If an attack is detected, it should be dealt with before it can cause any damage. It may be a good idea to conservatively plan for physical response also for an autonomous ship with a cybersecurity intrusion detection, even if the detection is not 100% reliable, especially for a safety critical system. A possible response could be:

  • Isolate the collision avoidance system from the local network automatically
  • Stop the vessel and maintain position (using DP if available and without security detections, and as a backup to drop anchor)
  • Alert nearby ships over radio that “Autonomous ship has lost anti-collision system availability and is maintaining position. Please keep distance. “
  • Alert onshore control of the situation.
  • Run system recovery

System recovery could entail securing forensic data, automatically analysing data for indicators of compromise and identify patient zero and exploitation path, expanding blast radius to continue analysis through pivots, reinstall all affected systems from trusted backups, update configurations and harden against exploitation path if possible, perform system validation, transfer back to operations with approval from onshore operations. Establishing a response system like this would require considerable engineering effort.

An alternative approach is to maintain position, and wait for humans to manually recover the system and approve returning to normal operation.

The development of autonomous ships, cars and other high-risk applications are subject to regulatory approval. Yet, the focus of authorities may not be on cybersecurity, and the competence of those designing the systems as well as the ones approving them may be stronger in other areas than cyber. This is especially true for sectors where cybersecurity has not traditionally been a big priority due to more manual operations.

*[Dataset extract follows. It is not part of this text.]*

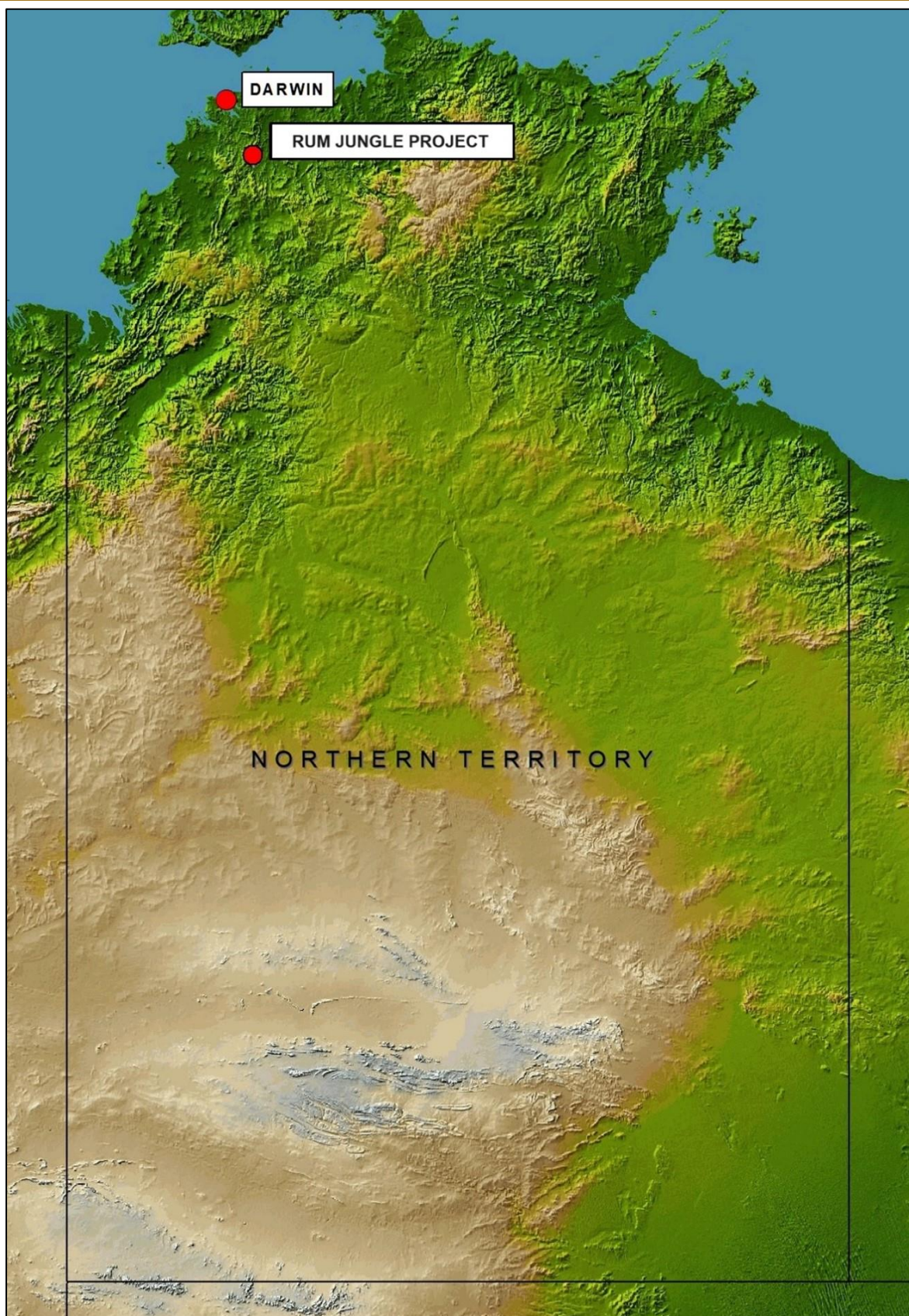
Figure 3 Rum Jungle Project location relative to Darwin

A cyber risk recipe for people developing autonomous cyber-physical systems

If we are going to make a recipe for development of responsible autonomous systems, we can summarize this in 5 main steps:

  • Maintain good cyber situational awareness. Know what you have in your systems, how it works, and where you are vulnerable – and also keep track of the adversary’s intentions and capabilities. Use this to plan your system designs and operations. Adapt as the situation changes.
  • Rely on good practice. Use IEC 62443 and other know IT/OT security practices to guide both design and operation.
  • Involve the suppliers and collaborate on defending the systems, from design to operations. We only win through joint efforts.
  • Test continuously. Test your assumptions, your systems, your attack surface. Update defenses and capabilities accordingly.
  • Consider changing operating mode based on threat level. With good situational awareness you can take precautions when the threat level is high by reducing connectivity to a minimum, moving to lower degree of autonomy, etc. Plan for high-threat situations, and you will be better equipped to meet challenging times.